I was working on defining formal semantics. I would like to write a function, that computes the list of the variables used in an expression (for the sake of simplicity, in the example code, only empty list, variable and map constructions are present). I’m having problems with the map constructor. When I try to define this function with fmap/map or mutual recursion (as seen in variables2 below) I get an ill-formed recursion error. The only way I was able to construct such a function was with inline fix (as seen in variables).

Inductive Expression : Type :=
| EEmptyList
| EVar (s : string)
| EMap (l : list (Expression * Expression)).
Fixpoint variables (e : Expression) : list string :=
match e with
| EEmptyList => []
| EVar x => [x]
| EMap l => (fix fp l := match l with
| [] => []
| (a,b)::xs => app (app (variables a) (variables b)) (fp xs)
end) l
end.
Fixpoint variables2 (e : Expression) : list string :=
match e with
| EEmptyList => []
| EVar x => [x]
| EMap l => fp l
end
with fp l := match l with
| [] => []
| (a, b)::xs => app (app (variables2 a) (variables2 b)) (fp xs)
end.

How should I modify the definition of variables2 not to get this error?

The problem you are encountering is that Fixpoint requires its body to do all its recursive calls on an argument that is syntactically a subterm of its main argument. This is called the guard condition and there is some documentation here. In your first variable Coq can determine that all recursive call in fp are indeed done syntactically on a subterm of EMap l but in the second it cannot (I don’t understand the guard condition checker well enough to try to explain this behaviour).

However if you really want to have the second version, it is possible to do so by explaining to Coq why it is a well-defined recursive definition. In this case you are doing an induction on the subterms of your main argument e : Expression. You could define the relation between subterms of type Expression, prove that this relation is well founded and finally do an induction on this proof of well-foundedness. There are tools to help you to do that such as Program Fixpoint or Equations. Here is the solution using the latter (that needs to be installed separately):

From Coq Require Import String List.
From Equations Require Import Equations.
Import ListNotations.
Inductive Expression : Type :=
| EEmptyList
| EVar (s : string)
| EMap (l : list (Expression * Expression)).
Equations variables2 (e : Expression) : list string :=
variables2 EEmptyList := [] ;
variables2 (EVar x) := [x] ;
variables2 (EMap l) := fp l
with
fp (l : list (Expression * Expression)) : list string :=
fp [] := [] ;
fp ((a, b) :: xs) := variables2 a ++ variables2 b ++ fp xs.

EDIT: The example above actually does not use the subterm relation on Expression (the one derived by Equations with Derive Subterm for Expression. is actually empty so useless…)

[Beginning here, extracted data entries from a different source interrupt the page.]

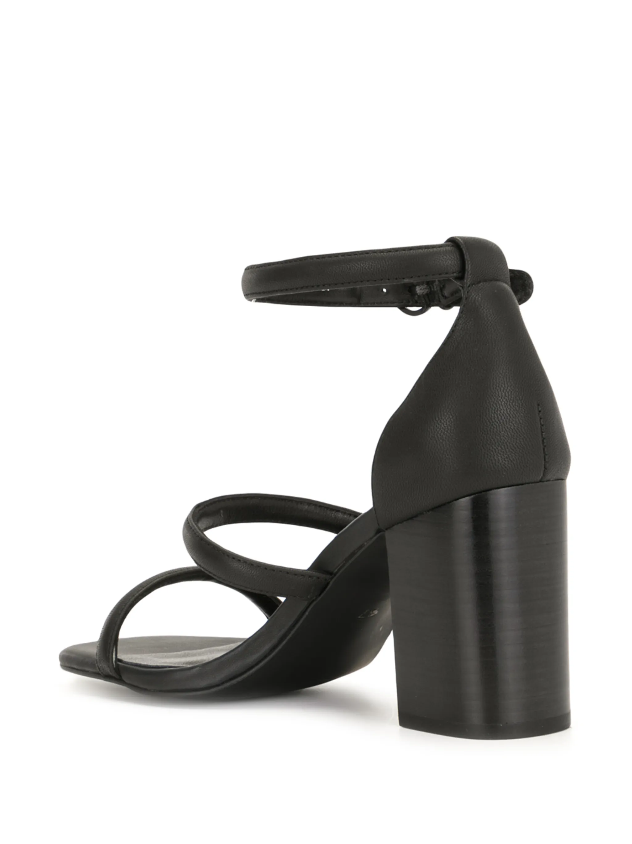 Открытый носок, стелька с логотипом, ремешок на щиколотке с пряжкой и высокий блочный каблук. Цвет: черный.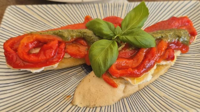 Bruschetta com pimentão assado e queijo de cabra e pesto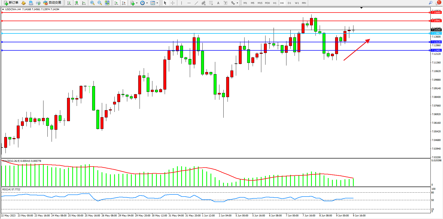 交易策略:7.13862下方看跌,目标7.13120  7.12401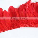 Red Goose Feather Trimming Ribbon Plumes For Dance Costumes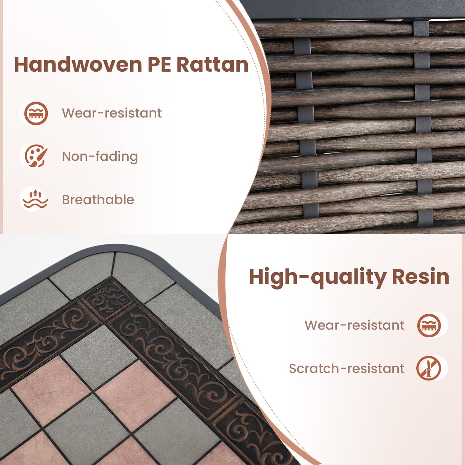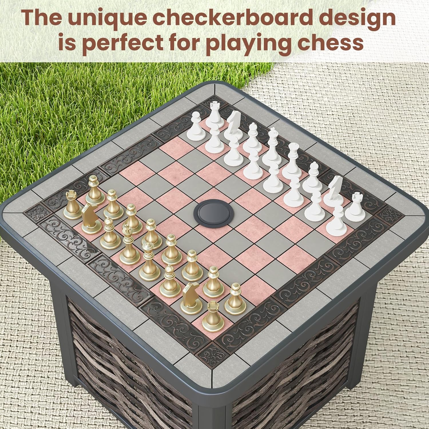 - Table Elégante et Pratique - La table basse avec plateau en résine présente un design en damier unique qui ajoute de la sophistication et du charme à tout espace extérieur. Son plateau de table spacieux offre suffisamment d'espace pour les tasses, les livres et la nourriture, ce qui en fait un ajout pratique à votre chaise. De plus, les coins arrondis améliorent la sécurité.

That’s already a correct solution; for extra convenience, you can also use recursive functions like fold_right there; Coq’s termination checker will inline fold_right producing equivalent code. Example (and equivalence proof) below.

More examples appear in Cpdt.InductiveTypes under the heading “Nested Inductive Types”, which recommends this approach.

While @kyod is correct that you can use Equations, and that’s great, it seems overkill in this scenario, as proofs about the resulting definitions learning require special (and slower) tactics (discussed in the Equations documentation).

(* Your code, self-contained *)
From Coq Require Import String List.
Import ListNotations.
Inductive Expression : Type :=
| EEmptyList
| EVar (s : string)
| EMap (l : list (Expression * Expression)).
Fixpoint variables (e : Expression) : list string :=
match e with
| EEmptyList => []
| EVar x => [x]
| EMap l => fold_right (fun '(a, b) r => app (app (variables a) (variables b)) r) [] l
end.
Lemma equiv l :
fold_right (fun '(a, b) r => app (app (variables a) (variables b)) r) [] l =
(fix fp l :=
match l with
| [] => []
| (a,b)::xs => app (app (variables a) (variables b)) (fp xs)
end) l.
Proof. now induction l; [|destruct a; rewrite <-IHl]. Qed.

Thank you very much for your replies. Maybe for our purpose the second solution is better, because we have some proofs about the existing functions with fix, but both are useful to us.